Rating: ![5 stars](http://www.reviewfocus.com/images/stars-5-0.gif) Summary: HEALING FAMILY RIFTS Review: The alienation of family members from one another is a common occurrence in life. This estrangement causes a deep seated bitterness and pain that hurts the family and can often continue from one generation to the next. What can we do to heal these family rifts that cause so much chaos? Babara LeBey provides us with an answer in her book, "Family Estrangements". She identifies the source of the problem, offers guidelines in dealing with estrangements and provides us with strategies on how to cope with them. The books covers a wide range of subjects that can cause family rifts such as divorce, sexual orientation, race, and inheritance. Each chapter also shares the stories of people who went through painful estrangements with their own families. They tell us what they learned from their own experiences and offer invaluable insights on coping with the alienation. I thoroughly enjoyed this book which I recommend for family members (dealing with estrangements), ministers and other helping professionals. Barbara LeBey is sensitive in her presentation and doesn't lay "the blame" on any individual as the source of the rift. She enables one to look at the situation, access what is going on and begin the process of healing. Family Estrangements is a practical resource book that can enable you to begin the process of healing the rifts within your family.
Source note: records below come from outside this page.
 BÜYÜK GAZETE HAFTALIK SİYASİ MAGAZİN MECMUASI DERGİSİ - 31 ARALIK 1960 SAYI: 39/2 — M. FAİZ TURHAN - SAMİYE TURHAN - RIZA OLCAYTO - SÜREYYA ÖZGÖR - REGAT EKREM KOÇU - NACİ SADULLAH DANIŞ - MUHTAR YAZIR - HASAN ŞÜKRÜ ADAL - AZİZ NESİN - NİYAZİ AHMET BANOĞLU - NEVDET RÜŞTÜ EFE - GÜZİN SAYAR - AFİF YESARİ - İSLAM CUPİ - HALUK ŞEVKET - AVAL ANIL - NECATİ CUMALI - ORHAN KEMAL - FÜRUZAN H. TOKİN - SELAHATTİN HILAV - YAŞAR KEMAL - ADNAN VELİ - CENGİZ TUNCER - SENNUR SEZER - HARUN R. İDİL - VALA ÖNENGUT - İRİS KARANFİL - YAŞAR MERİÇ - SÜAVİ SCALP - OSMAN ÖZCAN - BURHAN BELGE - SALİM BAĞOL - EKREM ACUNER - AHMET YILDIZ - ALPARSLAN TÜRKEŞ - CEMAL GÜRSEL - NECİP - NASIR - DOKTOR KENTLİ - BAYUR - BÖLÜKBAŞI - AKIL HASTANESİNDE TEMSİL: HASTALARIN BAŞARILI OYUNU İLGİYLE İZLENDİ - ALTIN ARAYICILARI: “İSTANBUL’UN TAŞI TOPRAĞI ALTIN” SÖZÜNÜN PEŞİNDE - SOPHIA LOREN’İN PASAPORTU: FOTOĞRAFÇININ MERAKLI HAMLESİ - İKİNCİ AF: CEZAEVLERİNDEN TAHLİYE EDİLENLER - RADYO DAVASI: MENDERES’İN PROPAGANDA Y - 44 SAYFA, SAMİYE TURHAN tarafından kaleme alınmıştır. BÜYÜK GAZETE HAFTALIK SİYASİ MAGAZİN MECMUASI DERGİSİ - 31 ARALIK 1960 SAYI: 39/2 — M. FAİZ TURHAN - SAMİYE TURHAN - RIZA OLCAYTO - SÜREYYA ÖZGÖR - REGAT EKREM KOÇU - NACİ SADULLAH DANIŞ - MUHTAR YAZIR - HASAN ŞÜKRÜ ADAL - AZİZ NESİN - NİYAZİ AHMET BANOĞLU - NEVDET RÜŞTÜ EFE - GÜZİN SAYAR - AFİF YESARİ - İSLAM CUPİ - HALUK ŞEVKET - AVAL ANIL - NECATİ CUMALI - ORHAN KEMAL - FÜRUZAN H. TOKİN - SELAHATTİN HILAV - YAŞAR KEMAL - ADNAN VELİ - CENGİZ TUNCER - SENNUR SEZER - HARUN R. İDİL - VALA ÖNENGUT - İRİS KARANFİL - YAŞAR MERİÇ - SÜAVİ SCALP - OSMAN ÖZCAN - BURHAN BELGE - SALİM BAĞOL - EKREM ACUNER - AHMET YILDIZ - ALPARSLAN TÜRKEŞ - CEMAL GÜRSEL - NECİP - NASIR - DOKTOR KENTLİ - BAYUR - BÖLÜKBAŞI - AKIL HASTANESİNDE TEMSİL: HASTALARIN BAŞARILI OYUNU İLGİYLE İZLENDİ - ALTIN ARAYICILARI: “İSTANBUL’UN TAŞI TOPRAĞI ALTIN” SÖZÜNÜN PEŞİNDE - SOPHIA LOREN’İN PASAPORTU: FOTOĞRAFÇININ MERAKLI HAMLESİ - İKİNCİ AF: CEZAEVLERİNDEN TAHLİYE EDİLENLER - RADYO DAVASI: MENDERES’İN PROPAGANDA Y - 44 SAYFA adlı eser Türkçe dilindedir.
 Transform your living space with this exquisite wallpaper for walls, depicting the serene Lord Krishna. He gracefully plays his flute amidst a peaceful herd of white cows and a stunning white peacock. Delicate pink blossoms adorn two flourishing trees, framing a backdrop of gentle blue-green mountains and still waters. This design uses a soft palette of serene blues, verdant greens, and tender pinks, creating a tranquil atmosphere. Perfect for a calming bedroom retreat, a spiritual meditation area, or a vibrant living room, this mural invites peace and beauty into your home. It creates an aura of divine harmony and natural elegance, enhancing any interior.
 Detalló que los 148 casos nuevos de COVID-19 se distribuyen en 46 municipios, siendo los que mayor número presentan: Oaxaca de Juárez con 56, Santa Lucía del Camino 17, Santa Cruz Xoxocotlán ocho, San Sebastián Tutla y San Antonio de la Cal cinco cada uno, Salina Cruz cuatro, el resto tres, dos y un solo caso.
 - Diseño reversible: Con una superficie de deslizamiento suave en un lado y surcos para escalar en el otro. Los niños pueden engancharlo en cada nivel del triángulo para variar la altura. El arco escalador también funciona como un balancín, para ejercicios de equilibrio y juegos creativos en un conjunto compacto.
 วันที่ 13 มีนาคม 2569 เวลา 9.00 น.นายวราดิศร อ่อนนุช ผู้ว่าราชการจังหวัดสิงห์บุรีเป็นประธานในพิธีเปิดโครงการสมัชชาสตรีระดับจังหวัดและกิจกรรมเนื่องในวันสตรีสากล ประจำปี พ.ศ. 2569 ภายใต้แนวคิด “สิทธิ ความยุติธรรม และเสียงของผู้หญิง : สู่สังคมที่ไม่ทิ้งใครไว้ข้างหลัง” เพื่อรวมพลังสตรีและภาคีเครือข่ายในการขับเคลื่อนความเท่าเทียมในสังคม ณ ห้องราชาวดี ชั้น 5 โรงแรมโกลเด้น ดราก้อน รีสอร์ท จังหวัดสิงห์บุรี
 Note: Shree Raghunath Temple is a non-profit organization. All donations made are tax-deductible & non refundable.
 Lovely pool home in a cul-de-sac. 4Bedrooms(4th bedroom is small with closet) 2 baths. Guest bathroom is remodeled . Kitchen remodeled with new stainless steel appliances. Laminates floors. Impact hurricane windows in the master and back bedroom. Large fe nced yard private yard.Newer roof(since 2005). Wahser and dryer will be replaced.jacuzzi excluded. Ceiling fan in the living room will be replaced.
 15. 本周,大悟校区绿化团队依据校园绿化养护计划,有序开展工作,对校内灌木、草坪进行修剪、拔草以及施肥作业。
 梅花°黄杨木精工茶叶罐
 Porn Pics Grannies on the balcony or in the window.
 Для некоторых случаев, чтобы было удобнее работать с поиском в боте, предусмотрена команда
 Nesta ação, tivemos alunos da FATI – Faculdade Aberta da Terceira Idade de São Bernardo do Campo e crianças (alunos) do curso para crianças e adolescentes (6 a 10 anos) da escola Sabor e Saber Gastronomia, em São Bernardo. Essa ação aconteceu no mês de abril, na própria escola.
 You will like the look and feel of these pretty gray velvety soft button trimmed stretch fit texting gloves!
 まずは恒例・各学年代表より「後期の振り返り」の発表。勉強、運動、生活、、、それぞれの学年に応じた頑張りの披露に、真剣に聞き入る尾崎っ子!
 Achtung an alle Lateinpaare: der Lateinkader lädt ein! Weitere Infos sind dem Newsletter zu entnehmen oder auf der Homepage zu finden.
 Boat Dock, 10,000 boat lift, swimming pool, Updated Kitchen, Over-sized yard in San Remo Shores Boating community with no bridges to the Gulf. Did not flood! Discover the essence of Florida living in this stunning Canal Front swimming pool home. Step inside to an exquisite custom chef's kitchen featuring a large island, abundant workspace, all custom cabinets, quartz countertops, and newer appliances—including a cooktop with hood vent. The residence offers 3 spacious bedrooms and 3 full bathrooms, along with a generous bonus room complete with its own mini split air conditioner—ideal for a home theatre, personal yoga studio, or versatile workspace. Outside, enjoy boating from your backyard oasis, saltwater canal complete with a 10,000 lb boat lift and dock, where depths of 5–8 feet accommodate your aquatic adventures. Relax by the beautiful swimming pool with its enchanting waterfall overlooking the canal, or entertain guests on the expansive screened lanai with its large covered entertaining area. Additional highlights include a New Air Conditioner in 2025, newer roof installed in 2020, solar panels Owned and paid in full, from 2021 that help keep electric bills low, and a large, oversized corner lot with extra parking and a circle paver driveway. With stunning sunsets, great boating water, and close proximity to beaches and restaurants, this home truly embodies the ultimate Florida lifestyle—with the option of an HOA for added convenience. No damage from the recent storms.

Rating: ![2 stars](http://www.reviewfocus.com/images/stars-2-0.gif) Summary: One sided Perspective Review: The author discribes herself as a laywer, wife, mother, and grandmother, but, not a daughter-in-law. Her perspective is quite one-sided against the "alienating and threatened wife". Quote "It bears mentioning that the daughter in law's perspective is not included here since, in almost every instance, it is the family of the estranged son who suffer the alienation of their loved one. The daughter in law does not require skills in copeing because she usually has the option of mending the relationship at any time". As a d-i-l seeking to understand the actions of a m-i-l , I am dissapointed with the book.
Rating: ![1 stars](http://www.reviewfocus.com/images/stars-1-0.gif) Summary: Don't cover a book by a judge Review: The author is not a psychiatrist. She is not a family counselor. She is not a physician. She is - horror of horrors! - an attorney and "former judge." She is also way in over her head with the subject matter, offering nothing more than: Estrangement is unpleasant, we should work to avoid or fix it. Having dispensed with this nugget of advice she spends the rest of the book treading water and repeating her mantra. My advice to the author: Stick to the bar and leave advice giving on how to carry out the heavy emotional lifting to the professionals.